# Monte Carlo Estimates of Log Determinants

## Monte Carlo Estimates of Log-Determinants¶

In statistics, we often need to compute a log-determinant as part of a multivariate maximum likelihood problem for non-independent data. The matrix for which we may need a log-determinant can be very large, though more often than not it is also very sparse. Direct methods of computing the determinant for a symmetric variance-covariance matrix often use the Cholesky decomposition or in certain cases an LU decomposition can be used.

I have recently need to tackle this problem for the estimation of some spatial-econometric models. One good thing about the variance-covariance in spatial econometric models is that they're sparse. Unfortunately, all of the sparse Cholesky routines that I am aware of are not suitable to be included in BSD-compatible projects like statsmodels and pysal. Furthermore, sparse methods (sometimes) rely on particular orderings of the matrices to achieve good performance; however, these orderings are not always possible to achieve with spatial weighting matrices. Another good thing about working with spatial econometric models is that we often don't need exact estimates. Approximations often do just fine. This led me to a 1999 paper by Barry and Pace in which they introduce a simple Monte Carlo method to approximate log-determinants of matrices, "A Monte Carlo Estimator of Log Determinants of Large Sparse Matrices." [pdf]. See also Chapter 4.4 in LeSage and Pace's Introduction to Spatial Econometrics.

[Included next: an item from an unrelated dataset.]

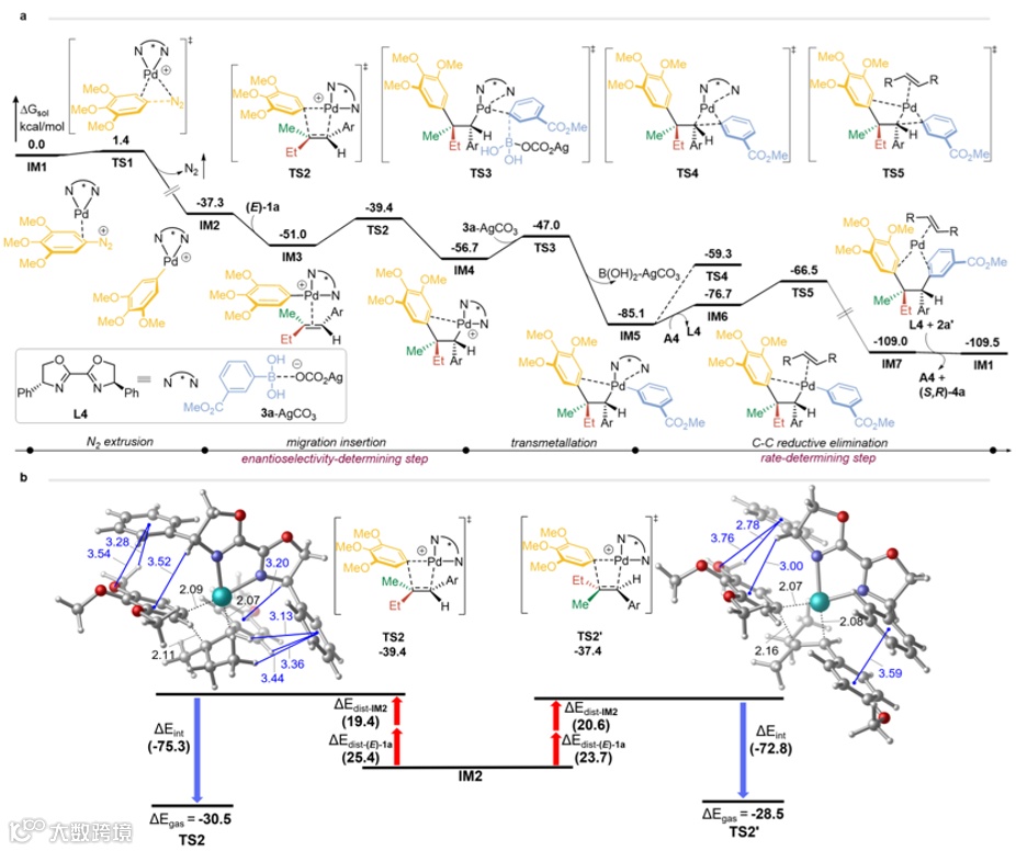 、三取代苯乙烯迁移插入到Pd–C键、银盐辅助芳基硼酸的转金属化等步骤,最终通过C–C还原消除和配体交换产生1,2-双芳基化产物并再生催化剂活性物种。理论计算表明C–C还原消除是反应的决速步,DTBF(富马酸二叔丁酯)先通过配体交换再进行还原消除可以降低反应能垒,这也与实验观察到的DTBF配体可以促进反应进行的现象一致。三取代苯乙烯的迁移插入是反应的对映选择性决定步。结构分析表明
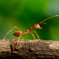 a thin branch or twig. The ant appears to be in motion, and its antennae are visible. It is an example of a close-up shot focused on the subject against a natural background that includes

To describe the problem in a little more detail. We need to calculate $\ln|I_n - \rho W|$ where $I_n$ is an $n\times n$ identity matrix, $\rho$ is a scalar in $(-1,1)$, and $W$ has been rescaled such that its eigenvalues are in $(-1,1)$. Direct methods would require the computation of this log determinant for a number of different values of $\rho$. However, we can develop an MC approximation that avoids these recomputations by first noting that

$$\ln|I_n - \rho W| = \operatorname{tr}(\ln(I_n - \rho W))$$

where $\operatorname{tr}$ denotes the trace of the matrix. Next note that the matrix logarithm has the power series expansion

$$\ln(I_n - \rho W) = -\sum_{i=1}^{\infty}\frac{\rho^i W^i}{i}$$

Since the trace is a linear operation, we can write

$$\ln|I_n - \rho W| = -\sum_{i=1}^{\infty}\frac{\rho^i \operatorname{tr}(W^i)}{i}$$

Note that this will also hold for non-symmetric W with complex eigenvalues or for complex $\rho$. Assuming that truncation error is small, we can write a finite approximation of the above power series

$$\ln|I_n - \rho W| = -\sum_{i=1}^{m}\frac{\rho^i \operatorname{tr}(W^i)}{i}$$

The computation for $\operatorname{tr}(W^i)$ can be computationally costly for larger values of $i$. Barry and Pace introduce the following "trick" to calculate the trace. Let the vector $\boldsymbol{x}$ come from a $N_n(0,I)$ distribution and assume we have some matrix $D$. Since the square of any single $x_i\sim N(\cdot)$ gives $x_i^2\sim\chi^2_1$ with $\mathbb{E}[x_i^2]=1$ and $\mathbb{E}[x_ix_j]=0$ by construction, then given the quadratic form $\boldsymbol{x}^\prime D\boldsymbol{x}$ we have the following using $n=2$ for illustration

\begin{align}\boldsymbol{x}^\prime D\boldsymbol{x} &=x_1^2d_{1,1} + x_2^2d_{2,2} + x_1x_2(d_{1,2} + d_{2,1}) \cr \mathbb{E}[\boldsymbol{x}^\prime D\boldsymbol{x}] &=\mathbb{E}[x_1^2d_{1,1} + x_2^2d_{2,2} + x_1x_2(d_{1,2} + d_{2,1})] \cr &= d_{1,1} + d_{2,2} \cr &= \operatorname{tr(D)} \end{align}

This result suggests the following algorithm, which I'll implement below.

 pick x_i = randn(n)
set z = x_i
for t = 1:m
z = Wz
tr(W^i) = n*(x_i'z)/(t*x_i'x_i)


Storing all of the estimates for $\operatorname{tr}(W^i)$, we can use them to compute our truncated power series.

$$a^{\prime}b$$

where $a$ are the estimates of the trace and $b=[\rho, \rho^2, \dots, \rho^m]$. It's common to compute the estimate for a grid of values for $\rho$ so that the log determinant over all possible values for $\rho$ can be computed in a vectorized way and then to use interpolation to get intermediate values as needed.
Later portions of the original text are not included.